Migraine, a severe form of headache that affects up to 16% of the adult population, can have a major impact on the quality of life (1). According to limited clinical data, cluster headache (CH) affects 0.1% of adults (2).
The International Headache Society (IHS) definitions make a clear distinction between migraine and CH (3). IHS criteria identify four main features distinguishing CH from migraine: unilaterality of short-duration attacks of pain, periodicity of the syndrome, accompanying ipsilateral autonomic features, and restlessness during pain. Unilateral cranial autonomic symptoms (uAS) are typical features of trigem inal-autonomic cephalgia (4). uAS symptoms have also been reported in some patients with migraine accompanying other features of migraine attacks. On the other hand, migrainous features, such as nausea, vomiting, and photophobia, have been observed during some CH episodes (2,4,5). Some patients may present with characteristics of both headache types. These observations suggest that at least some patients experience clinical features shared by both conditions (4,5,6,7).
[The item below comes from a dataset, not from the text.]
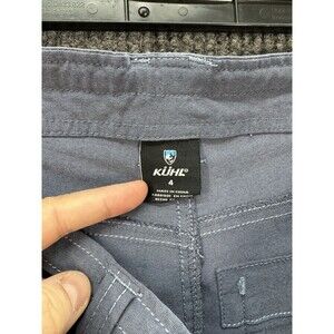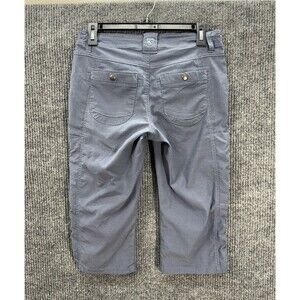 Kuhl Trekr Kapri Capri Pants Womens 4 Blue Stretch Ruched Hem Hiking Outdoor. Color is blue with slight gray undertones. Gently used; inner drawstring is missing. Sides can be ruched if desired. Measurements in photos. Fast shipping!

This study evaluated the prevalence of uAS in patients suffering from migraines and assessed the expression of these symptoms using a retrospective design. Additionally, the pain characteristics of migraine attacks experienced by pure migraine patients with and without autonomic features were compared.
This study was part of an ongoing Turkish Headache Database Study investigating the clinical characteristics and outcomes of headache syndromes in the Turkish population. The Turkish Headache Database includes a total of 19488 patients since May 2013, with patients mostly diagnosed as having primary headaches. The study was approved by the local Ethics Committee of Mersin University, and informed consent was obtained from all participants (MEU.0.01.00.06/265, 20.10.2008). Of the 12036 patients enrolled in the larger study, 2955 consecutive patients with definite migraine with and without aura and 93 patients with CH were enrolled in the present study. Migraine patients were divided into two groups depending on the presence of at least one associated autonomic symptom: 89 migraine patients having uAS (MwuAS) and 2773 migraine patients who did not have uAS (MwouAS).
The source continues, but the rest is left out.